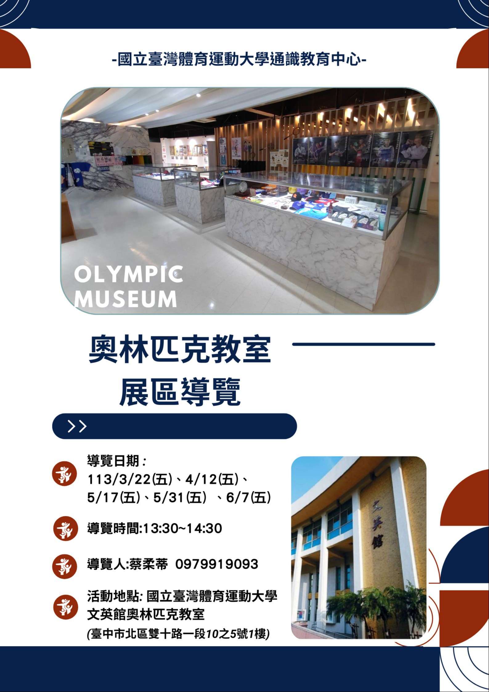 一、為推廣奧林匹克精神與理念,本校奧林匹克教室免費導覽解說,開放時間為113年3月22日、4月12日、5月17日、5月31日、6月7日週五13:30至14:30。
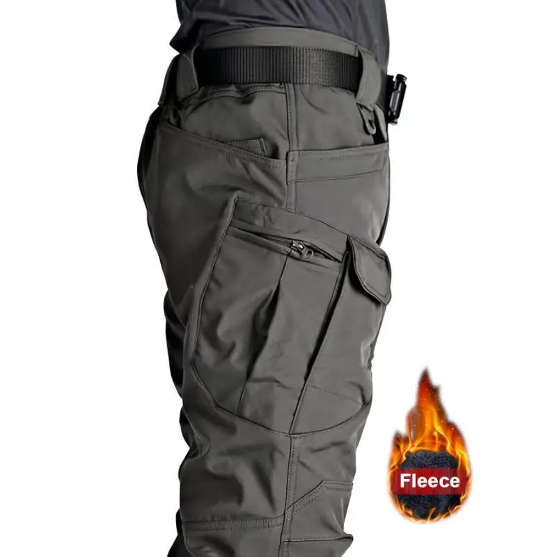 Men's Regular Fit Warm Fleece-Lined Tactical Pants, Casual Solid Color with Pockets, Thermal Wear for Winter, All-Season Comfy Woven Bottoms Streetwear
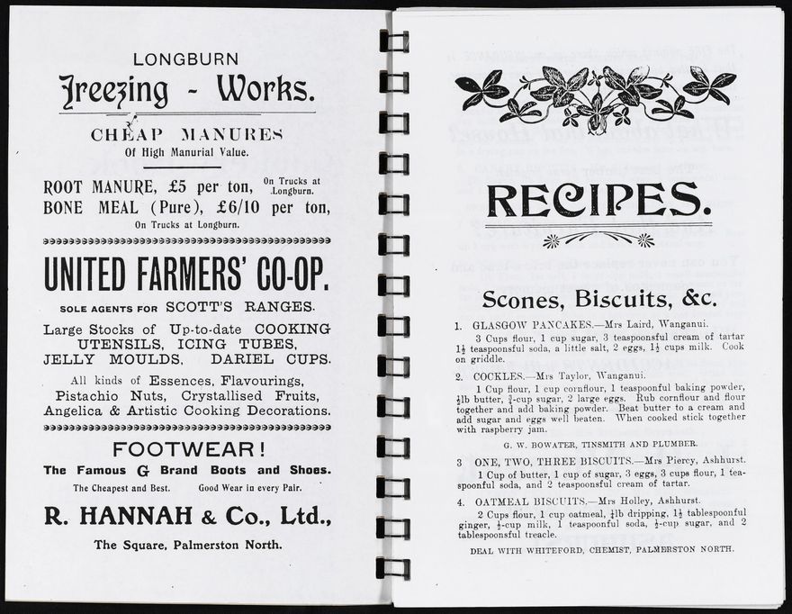 A reproduction of Our Own Cookery Book compiled by Mrs J. West for the Ashhurst Town Band Bazaar. The cook book features community submitted recipes (including the names of contributors) and includes many advertisements of local area businesses.
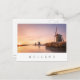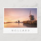 Magnet photo card of a landscape with a row of three traditional windmills and reeds along a frozen river during a colourful sunrise in winter in Leidschendam in the Netherlands with a white edge and the text 'Holland'.
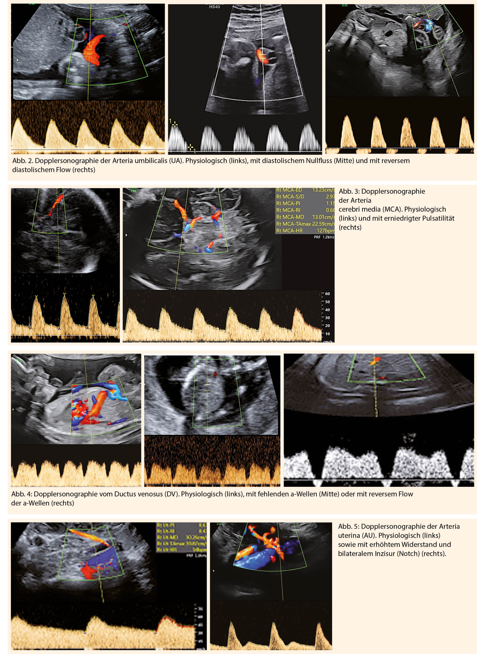 Die Dopplersonographie der Arteria umbilicalis (UA) trägt zur Reduktion der perinatalen Mortalität bei. Pathologische Zeichen sind ein erhöhter Resistence-Index (RI>95.P) oder Pulsatilitäts- Index (PI>95.P), ein diastolischer Nullfluss (AED-flow) oder ein reverser diastolischer Blutfluss (RED-flow) in der A. umbilicalis (Abb. 2). Diese Zeichen sind eher mit einer schlechteren Prognose assoziiert (4).
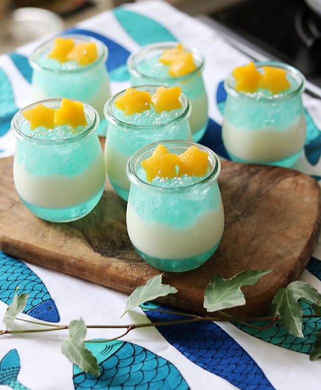 かき氷シロップとアガーで作る プルプル食感 ブルーハワイ七夕ゼリー レシピ 七夕ゼリー アガー ゼリー
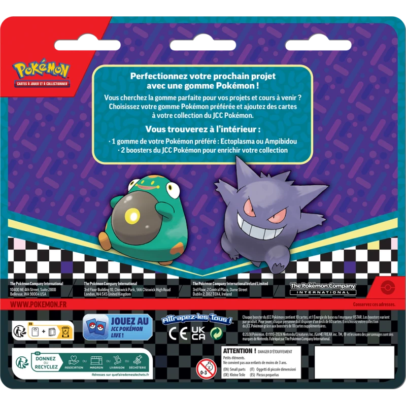 Pokémon DuoPack : Blister Gomme Rentrée des Classes. Pack contenant deux boosters pour le Jeu de Cartes à Collectionner Pokémon et une gomme d’Ectoplasma ou d’Ampibidou.
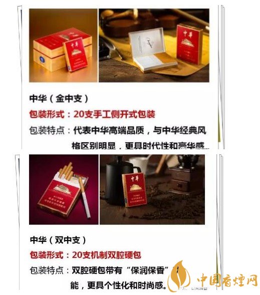 中華(金中支)采用的是20支手工側(cè)開式包裝;中華(雙中支)采用的是20支雙鋁包硬盒翻蓋式,帶有“保潤保香”功能。中華“中支”產(chǎn)品系列包裝區(qū)別與共性特色相同,形式有別功能各異。
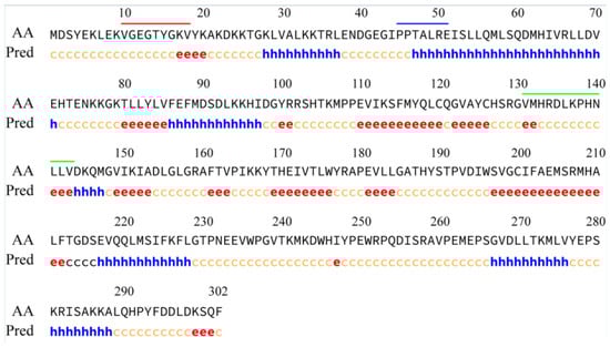 Structures and conserved domains of the LaCDKB1;2 protein. e: α-helixes; h: β-strands (extended strands); c: random coils. Red line: ATP-binding region signature [V(10)GEGTYGKV(18)]; blue line: PPTALRE motif; green line: serine/threonine protein kinase acting-site signature [V(131)MHRDLKPHNLLV(143)]. AA: amino-acid sequence; Pred: prediction of secondary structures.
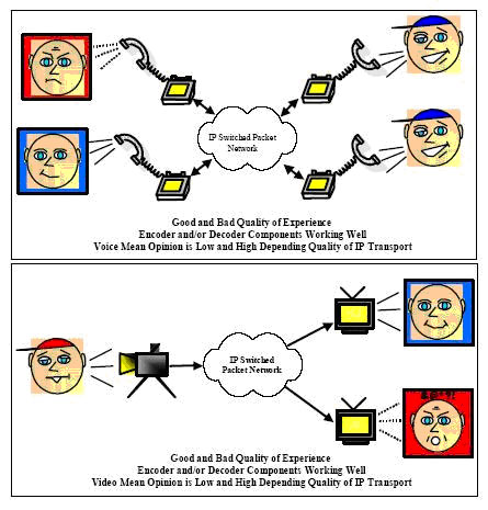 自然地,人們會(huì)向到將MOS或其它基于判斷的分值測(cè)量技術(shù)應(yīng)用于IP業(yè)務(wù)的質(zhì)量體驗(yàn)測(cè)量。對(duì)于IP業(yè)務(wù),業(yè)務(wù)提供商的控制力是有限的,攜帶語(yǔ)音和視頻信息的數(shù)據(jù)包進(jìn)入IP網(wǎng)絡(luò)后,IP業(yè)務(wù)提供商能做的僅僅丟棄數(shù)據(jù)包、延遲數(shù)據(jù)包或者將數(shù)據(jù)包重新排序。
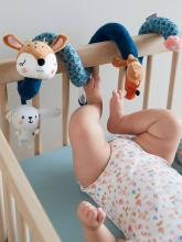 Enroulez cette belle spirale d'activités autour d'un lit, d'une poussette ou d'un cosy ! Elle amusera bébé avec ses petits jouets intrigants. Lapin et anneau, renard vibrant... C'est parti pour de joyeuses découvert
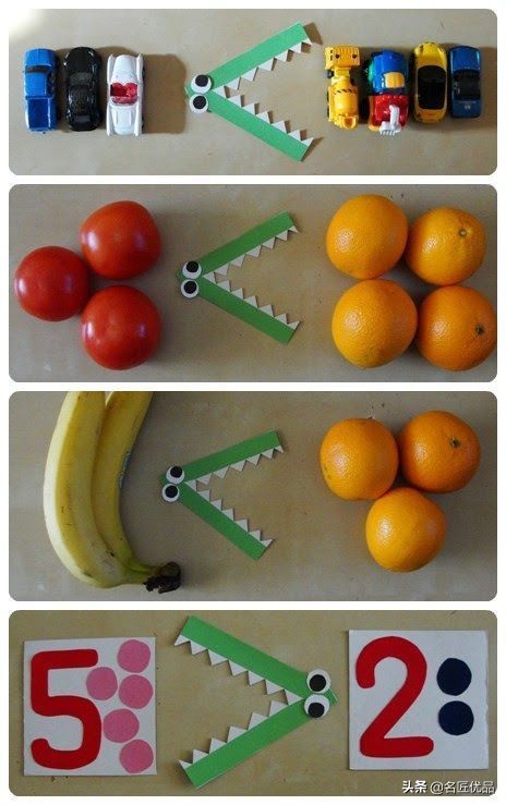 3辆车比4辆车少,3比4要小;2根香蕉比3个橙子少,2比3要小……一开始使用同类的物品,比如都是玩具小车、都是橙子。再慢慢扩展到不同的物品,比如橙子堆和西红柿堆的比较。最后变成一堆里面有橙子、橘子、西红柿等的比较。
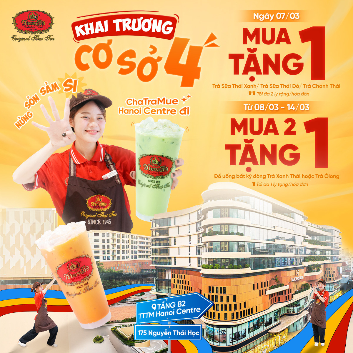 Hãy ghé thăm ChaTraMue Hanoi Centre từ ngày 7/3 để cùng bạn bè và người thân thưởng thức đại tiệc trà Thái hấp dẫn và không bỏ lỡ những ưu đãi khai trương đặc biệt chỉ có trong thời gian giới hạn tại cơ sở mới của ChaTraMue. Sự kiện hứa hẹn mang lại không khí sôi động và trở thành điểm dừng chân quen thuộc của cộng đồng yêu trà sữa tại khu vực trung tâm thành.
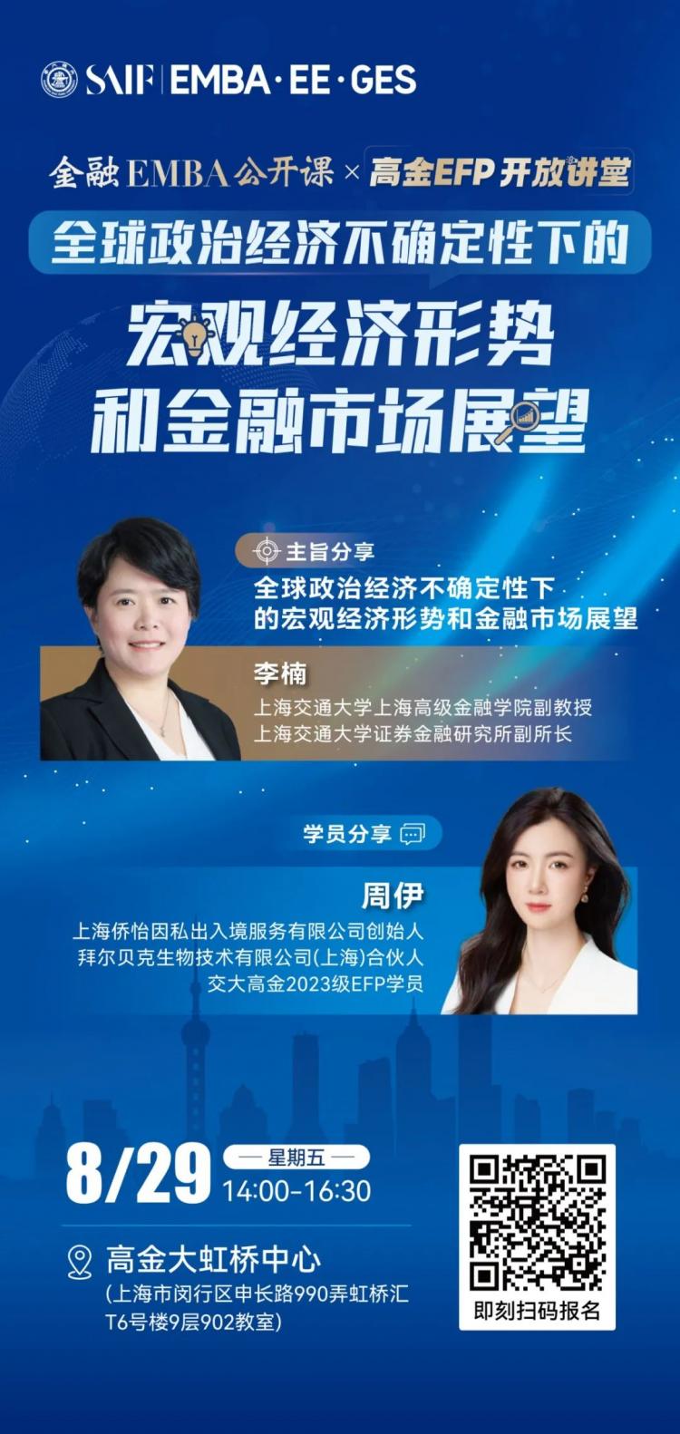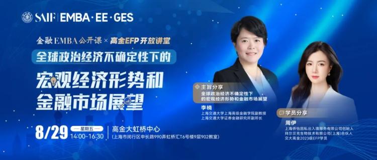 本次高金EMBA公開課暨EFP開放講堂將于2025年8月29日(周五)下午在高金上海大虹橋中心舉行,特邀上海交通大學(xué)上海高級金融學(xué)院副教授、上海交通大學(xué)證券金融研究所副所長李楠帶來主旨演講《全球政治經(jīng)濟不確定性下的宏觀經(jīng)濟形勢和金融市場展望》,同時邀請EFP學(xué)員,上海僑怡因私出入境服務(wù)有限公司創(chuàng)始人、拜爾貝克生物技術(shù)有限公司(上海) 合伙人周伊進行分享,資深項目老師還將詳解高金EMBA及EFP項目特色、招生政策、錄取標準、面試安排及最新重磅推出的“科技強國人才培養(yǎng)專項計劃”?;顒酉挥邢?,歡迎掃碼報名,開啟您的高金學(xué)習(xí)之旅,共探前沿管理智慧,賦能未來成長!
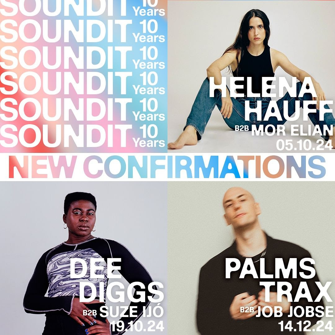 SOUNDIT anuncia nuevos nombres que completan el cartel de sus últimas cinco fechas del año. Un 2024 en el que el festival ha subido aún más la apuesta para celebrar su 10º aniversario con el mejor line up de su historia. Artistas destacados del panorama internacional como Helena Hauff, Dee Diggs y Palms Trax, que se unen a los ya anunciados Mor Elian, Suze Ijó y Job Jobse en formato b2b para completar el cartel de su segunda temporada, que se estrenó el pasado 20 de Julio con el primer Reflejos con Jeff Mills, que obtuvo un gran éxito de convocatoria. El festival retomará su actividad en La Monumental el próximo 5 de octubre, además del 19 de octubre, 9 y 23 de noviembre y 14 de diciembre. Un total de cinco citas que conforman una propuesta electrónica de calidad, que trae a nuestra ciudad a grandes artistas de la escena electrónica global, convirtiéndose en una opción de ocio diurno favorita de los barceloneses. Otros nombres que también serán protagonistas de esta recta final son Or:la, Pariah, Octave One, Eris Drew, Octo Octa, Ron Trent y Sadar Bahar, entre muchos otros, artistas encargados de cerrar una temporada 2024 para recordar.
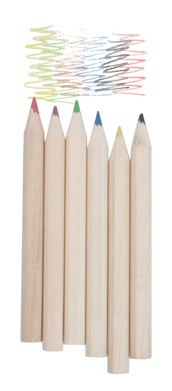 6 naturfarbene Buntstifte in Pappschachtel.
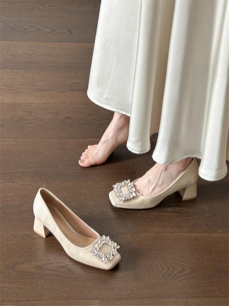 French rhinestone square buckle satin light mouth single shoes women's new temperament square head thick heel high heels
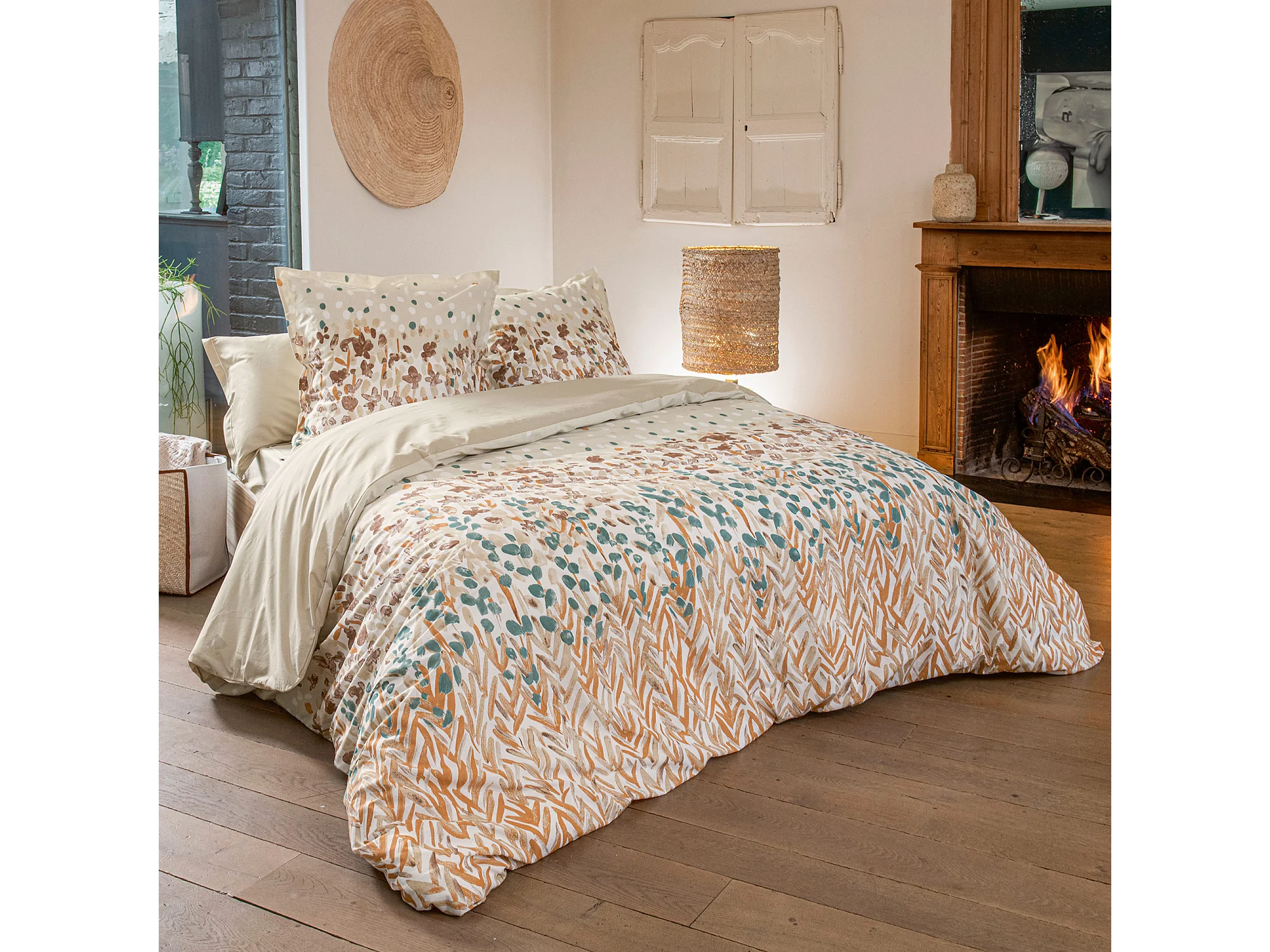 Parure de lit 240x220 cm 65x65 cm coton ÉVASION pêche 3 pièces
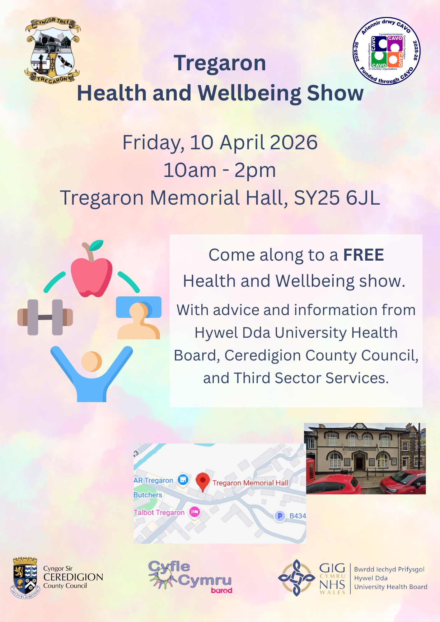Come along to a FREE Health and Wellbeing show. With advice and information from Hywel Dda University Health Board, Ceredigion and Third Sector Services.
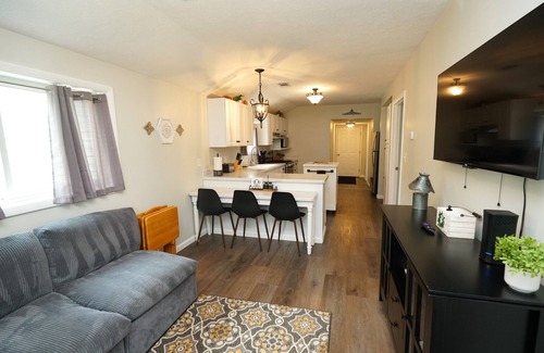 Thoughtfully designed for comfort and functionality, our cozy space exudes a welcoming atmosphere. Enjoy the convenience of a fully equipped kitchen, comfortable living area, and tranquil bedrooms for restful nights. The rear entrance has no steps, ensuring seamless accessibility for guests of all ages and mobility levels.
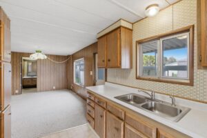 Outside, aluminum siding and a black membrane roof help minimize upkeep. Covered entries on both sides add day-to-day convenience, while a one-car carport with a built-in shed, a second standalone shed, and extra paved space offer ample room for vehicles, tools, and storage. Ramp access on one side provides added ease of entry, and the front planter box area gives you a simple way to personalize the exterior.
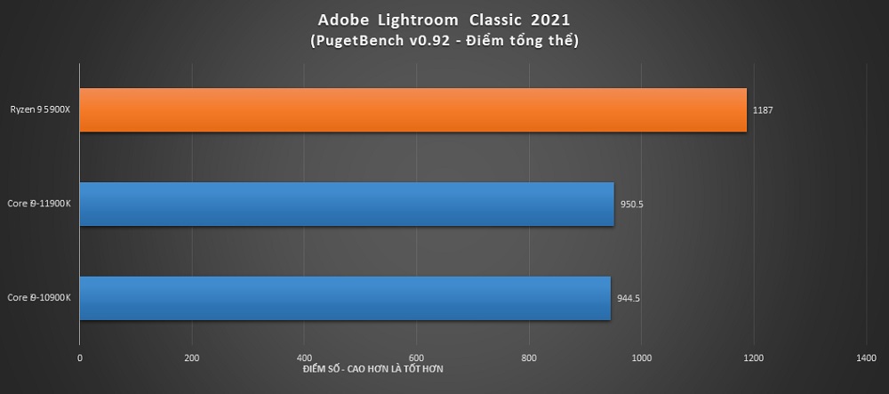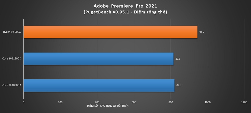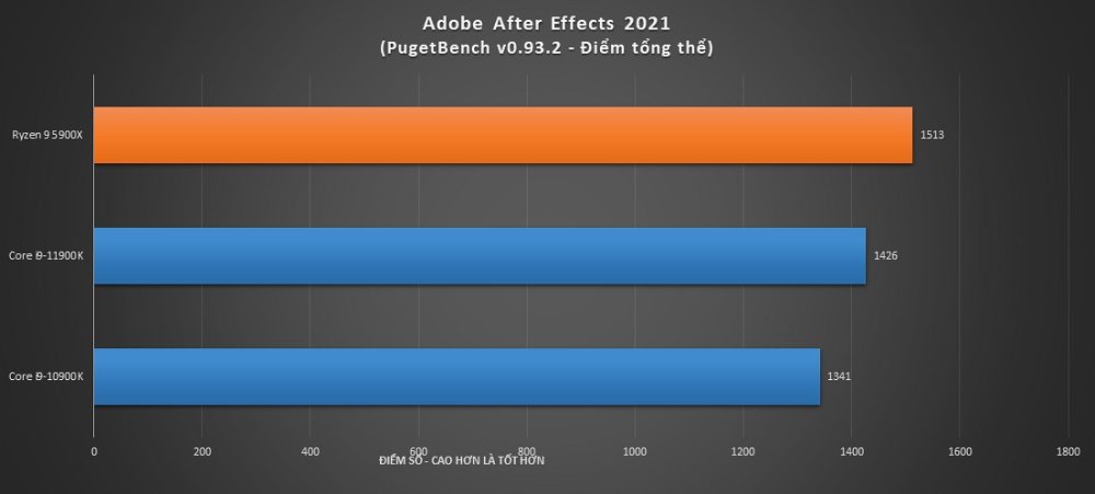 Tương tự DaVinci Resolve, Premiere Pro cũng tận dụng được lợi thế nhiều nhân của 5900X. Không bất ngờ khi 11900K kém hơn 5900X tới 16%, thậm chí còn thua 10900K đời trước 1%.
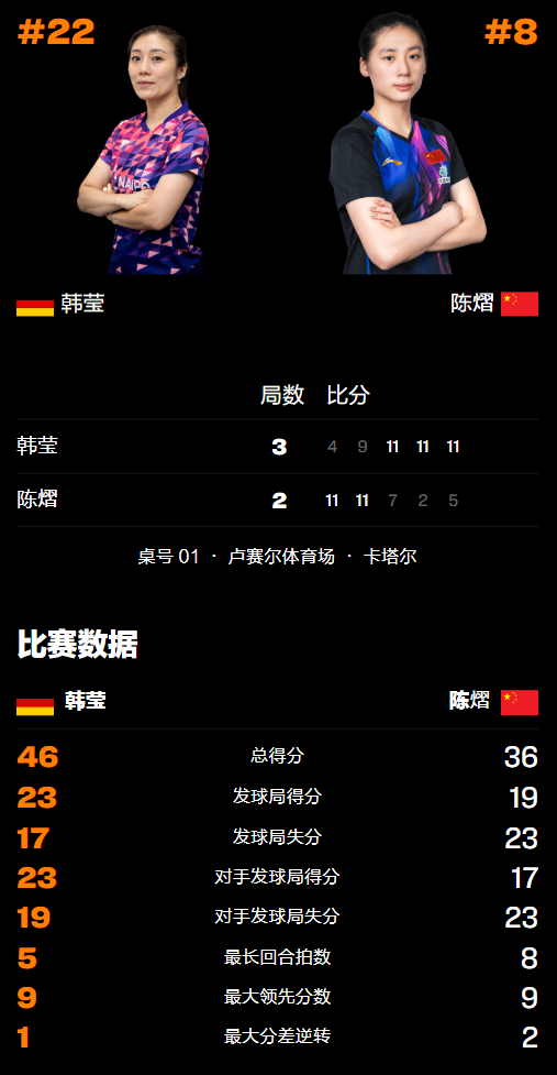 去年两位运动员有过2次交手,陈熠先以3-0速胜,但随后1-3不敌对方,被韩莹的削球变化打乱,最后一局甚至只拿到2分就崩盘,如今再次相遇需做足困难的准备。
※ ※ ※
Aim of the exercise:
For the material above, give again only the lines starting at the line that contains "かき氷シロップとアガーで作る プルプル食感 ブルーハワイ七夕ゼリー" and ending at the line that contains "中華(金中支)采用的是20支". Pictures do not belong in the copy.

Exercise result:
 かき氷シロップとアガーで作る プルプル食感 ブルーハワイ七夕ゼリー レシピ 七夕ゼリー アガー ゼリー
 Pokémon DuoPack : Blister Gomme Rentrée des Classes. Pack contenant deux boosters pour le Jeu de Cartes à Collectionner Pokémon et une gomme d’Ectoplasma ou d’Ampibidou.
 中華(金中支)采用的是20支手工側(cè)開式包裝;中華(雙中支)采用的是20支雙鋁包硬盒翻蓋式,帶有“保潤保香”功能。中華“中支”產(chǎn)品系列包裝區(qū)別與共性特色相同,形式有別功能各異。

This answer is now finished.